Ask some of them if they have
separate restrooms at home for males and females.
What makes America great? Simple: Diversity, the rights to disagree and
protest, the right to protect ourselves responsibly, and the opportunity to
make a dollar out of fifteen cents.
For starters, why would Mr. Trump borrow known
segregationist and former Alabama Gov. George Wallace’s “make America great
again!” slogan if he didn’t know how to harness the power of words? To birthers
such as himself and a large number of people I used to work with at Wal-Mart,
“Make America Great Again” is a clarion call for disaffected white people to
take back what is inherently theirs as if the USA were their literal Israel to
be retaken from the Egyptians, Babylonians, Carthaginians, Romans, and the
like. If you don’t believe me, then explain the Tea Party takeover of Congress
in 2010 and the largely ineffective leadership since then.
Until he lays out specifics with any of his
programs, particularly those domestic policies that benefit the majority of us,
it is hard to see how America being transformed back to the 1920s or post-World
War II is going to benefit anyone except straight married white men, who were
the recipients of the GI Bill, the Homestead Act, and a number of school and
real estate laws geared toward their station as the privileged class.
A silent voice is one that complies with whatever
evil occurs because it chose not to rock the boat.
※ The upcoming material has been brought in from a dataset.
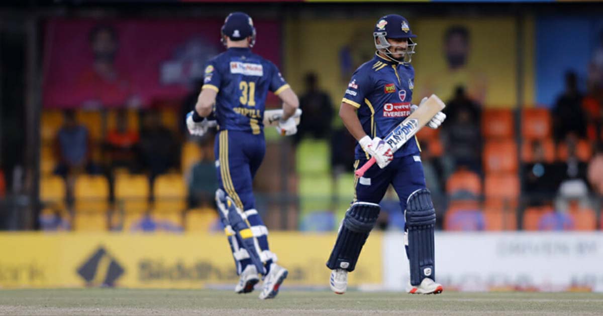 लोकेशले ७२ रन बनाउँदा गप्टिलले ६० रन जोडे । शुभम रञ्जनेले ३८ तथा बसीर अहमदले २३ रन बनाए ।

If you’re not fighting
against systemic oppression, then you’re the problem.
More, having a (__________) friend or neighbor does
not excuse the avarice shown to our fellow man:
I cringed when Mr. Trump gave a shout-out to a man labeling him “my
African-American” because deep down, his actions likely meant my N-word: saying the slur would have cratered what
potentially a billion-dollar campaign of empty promises, evasive policies, and
shown how out-of-step he really is relative to those of us who have to budget
biweekly to pay for our houses, fuel, daycare, and the like.
Furthermore, America is already great. Are all of our days
perfect? Of course not. What I expect from either candidate is an optimistic presentation
of how to improve our situations without having to resort to juvenile insults
or scratching our heads from information overload.
Sister Simone just showed you America is already great. Remember that year-round, not just during the Olympics. |
In truth, I am not quite with Hillary but I damn
sure don’t want to go back to a time when many of you think America was great.
That means no Google, no Apple, no Facebook, dial-up internet if we’re lucky, exorbitant
high interest rates from the bank, separate water fountains, and shady
employment practices. In the meantime, I might as well reflect on the past
eight years of peak blackness and choose a POTUS 45 that will continue to carry
a legacy of freedom and all of the other things that make Americans unique.